**Input records:**
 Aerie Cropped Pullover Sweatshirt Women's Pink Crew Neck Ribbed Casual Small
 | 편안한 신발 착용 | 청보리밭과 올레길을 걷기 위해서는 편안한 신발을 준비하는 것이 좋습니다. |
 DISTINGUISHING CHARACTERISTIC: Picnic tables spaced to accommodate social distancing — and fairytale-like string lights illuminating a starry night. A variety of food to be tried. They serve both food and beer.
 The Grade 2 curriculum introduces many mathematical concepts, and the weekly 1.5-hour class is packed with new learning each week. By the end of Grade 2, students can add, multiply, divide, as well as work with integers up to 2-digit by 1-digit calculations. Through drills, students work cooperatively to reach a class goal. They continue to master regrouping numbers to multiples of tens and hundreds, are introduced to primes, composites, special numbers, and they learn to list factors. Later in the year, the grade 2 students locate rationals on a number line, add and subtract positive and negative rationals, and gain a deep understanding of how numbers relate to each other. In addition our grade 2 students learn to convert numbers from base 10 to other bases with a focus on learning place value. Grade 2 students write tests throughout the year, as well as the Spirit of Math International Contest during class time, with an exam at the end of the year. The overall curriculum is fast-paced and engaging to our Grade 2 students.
---
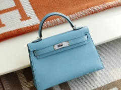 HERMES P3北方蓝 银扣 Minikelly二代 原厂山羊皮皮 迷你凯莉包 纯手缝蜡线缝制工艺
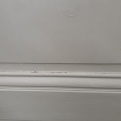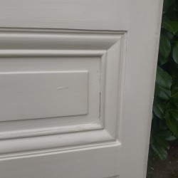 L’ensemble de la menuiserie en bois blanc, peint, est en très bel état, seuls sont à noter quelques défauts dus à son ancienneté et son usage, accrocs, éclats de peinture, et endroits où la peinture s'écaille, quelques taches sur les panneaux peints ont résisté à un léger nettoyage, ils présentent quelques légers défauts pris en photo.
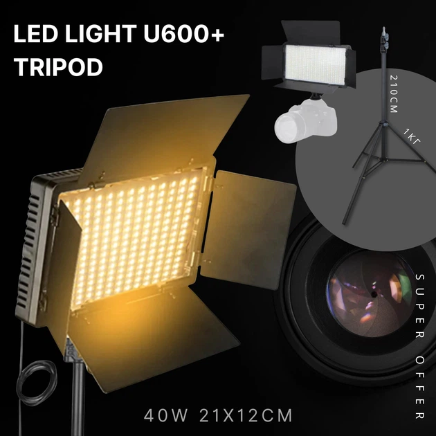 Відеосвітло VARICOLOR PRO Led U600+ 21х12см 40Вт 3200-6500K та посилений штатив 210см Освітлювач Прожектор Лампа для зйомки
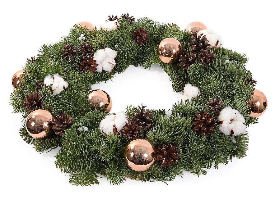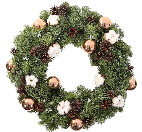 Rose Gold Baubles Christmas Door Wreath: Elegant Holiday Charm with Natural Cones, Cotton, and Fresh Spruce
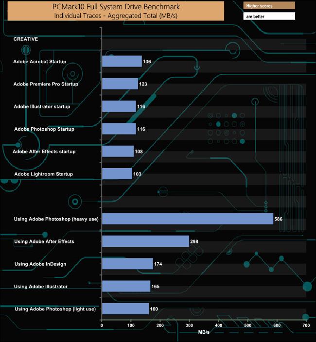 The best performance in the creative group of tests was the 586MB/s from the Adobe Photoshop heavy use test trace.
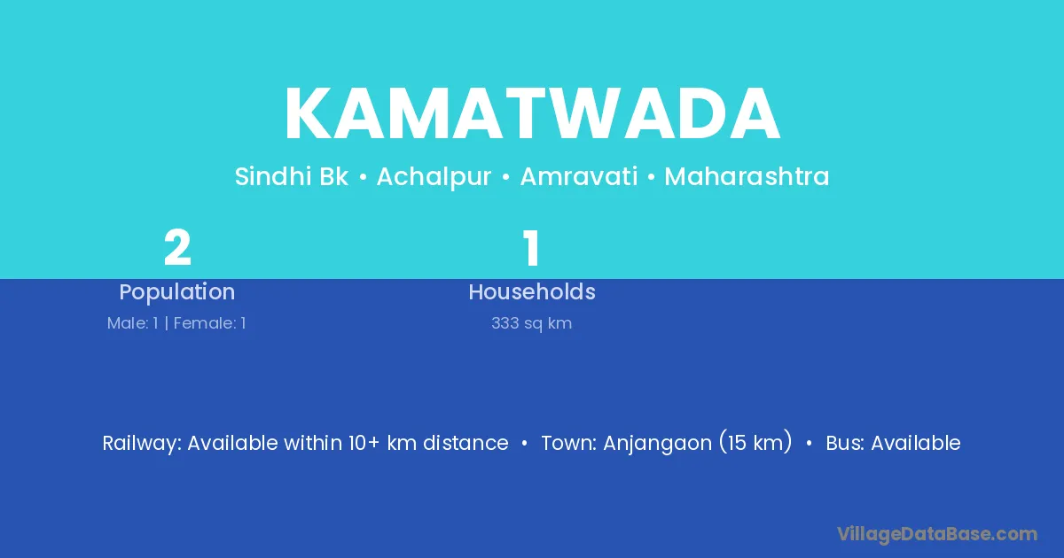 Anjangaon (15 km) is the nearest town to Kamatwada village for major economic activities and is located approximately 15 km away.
--
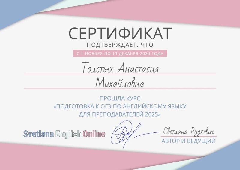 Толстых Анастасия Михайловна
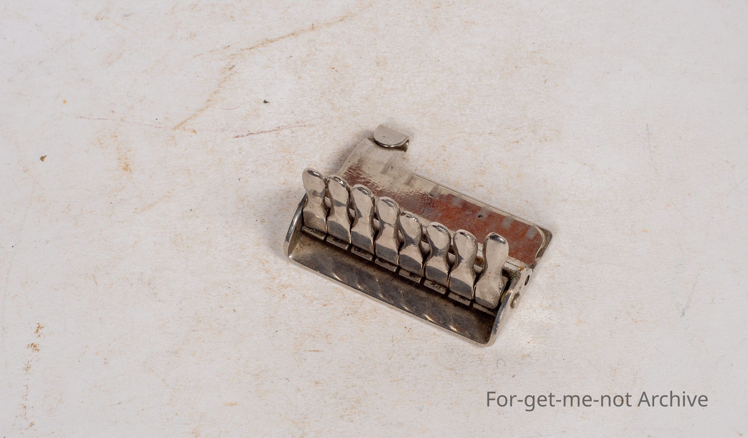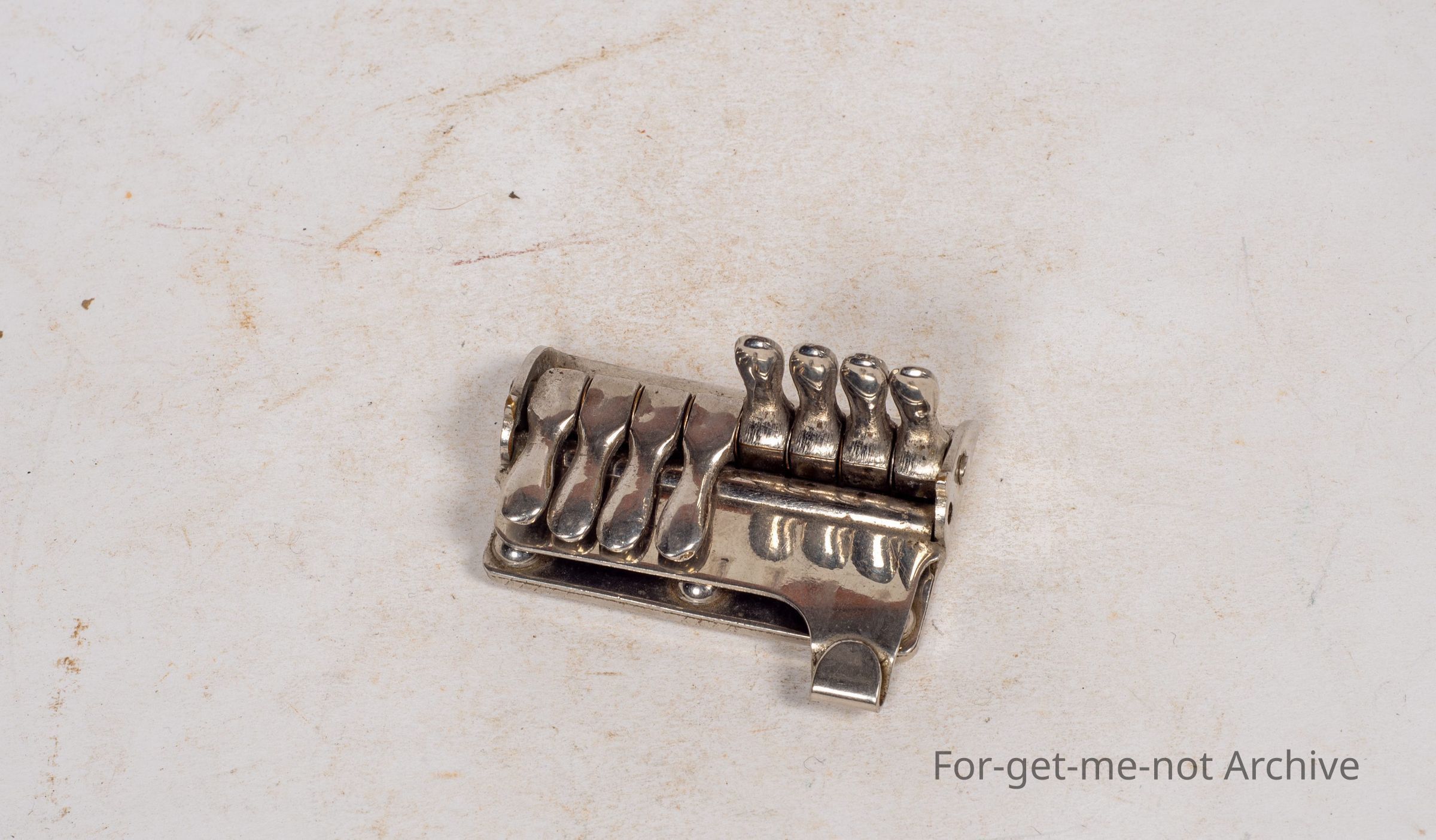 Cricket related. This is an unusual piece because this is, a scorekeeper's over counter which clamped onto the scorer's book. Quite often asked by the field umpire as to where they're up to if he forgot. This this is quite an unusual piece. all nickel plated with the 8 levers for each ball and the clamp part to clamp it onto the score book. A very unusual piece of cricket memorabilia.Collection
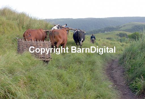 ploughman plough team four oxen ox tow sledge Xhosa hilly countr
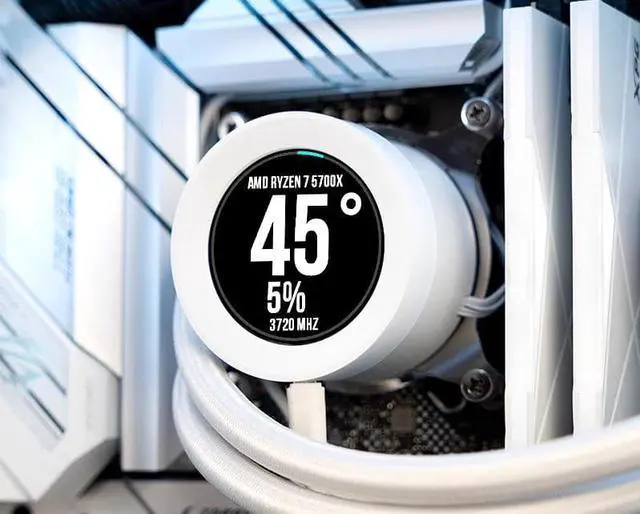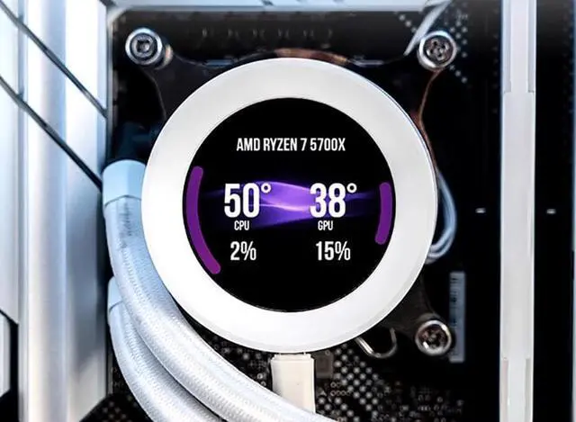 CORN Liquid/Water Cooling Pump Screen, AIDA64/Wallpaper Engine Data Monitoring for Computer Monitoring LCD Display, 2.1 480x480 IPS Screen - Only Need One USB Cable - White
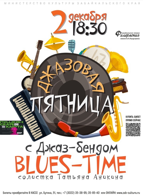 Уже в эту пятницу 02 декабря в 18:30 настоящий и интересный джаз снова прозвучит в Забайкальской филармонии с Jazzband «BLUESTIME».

**Try it:** Going by the data above, the answer is exactly the lines from the one holding "Cricket related. This" to the one holding "CORN Liquid/Water Cooling", both kept, with the pictures left out.

**Your response:**
 Cricket related. This is an unusual piece because this is, a scorekeeper's over counter which clamped onto the scorer's book. Quite often asked by the field umpire as to where they're up to if he forgot. This this is quite an unusual piece. all nickel plated with the 8 levers for each ball and the clamp part to clamp it onto the score book. A very unusual piece of cricket memorabilia.Collection
 ploughman plough team four oxen ox tow sledge Xhosa hilly countr
 CORN Liquid/Water Cooling Pump Screen, AIDA64/Wallpaper Engine Data Monitoring for Computer Monitoring LCD Display, 2.1 480x480 IPS Screen - Only Need One USB Cable - White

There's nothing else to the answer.